Similarly, the investing community makes mistakes all the time related to causal relationships. Investors often assume that a causal relationship exists when it is in fact spurious, or they believe that a relationship that seems to hold true today will continue to do so in the future. For example, the following are theories that investors have historically held up as truths but which have recently been falsified:
- Bond and equity prices always move in opposite directions. The introduction of quantitative easing has shown that the correlation between bonds and equities does not have to be negative and can indeed be positive.
- Higher interest rates will attract more capital into a currency. In the last year, Brazil and Russia’s central banks have both raised interest rates and still watched as their currencies have fallen.
- GDP growth will translate into superior investment growth. For the first half of this year, China’s growth figures were absolutely abysmal – and yet stock returns were soaring (until they suddenly reversed). GDP growth does not always translate to investment returns in the short-term.
The Stock Market as Ecosystem
The ecosystem is an apt case study for the stock market for two reasons. First, both ecosystems and stock markets are what scientists refer to as complex, adaptive systems. They consist of a vast array of micro players that interact in interwoven, complex and evolving ways. This complexity means that outcomes can be very difficult to predict.

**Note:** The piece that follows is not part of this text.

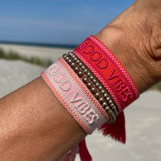 Good Vibes Statement Bracelet Woven, Embroidered, Rosy Peach

Second, biological ecosystems and stock markets are both arenas in which human presumption has the tendency to run wild. In both systems, people have historically overestimated their ability to predict and control outcomes. This was true in the case of the people who believed it was a good idea to kill off all the wolves in Yellowstone, just as it is true when an investor believes he knows exactly how markets will react if the Federal Reserve raises rates.
Yellowstone reminds us of the importance of intellectual humility in the face of complex, adaptive systems. We are usually much less aware of their intricacies than we think.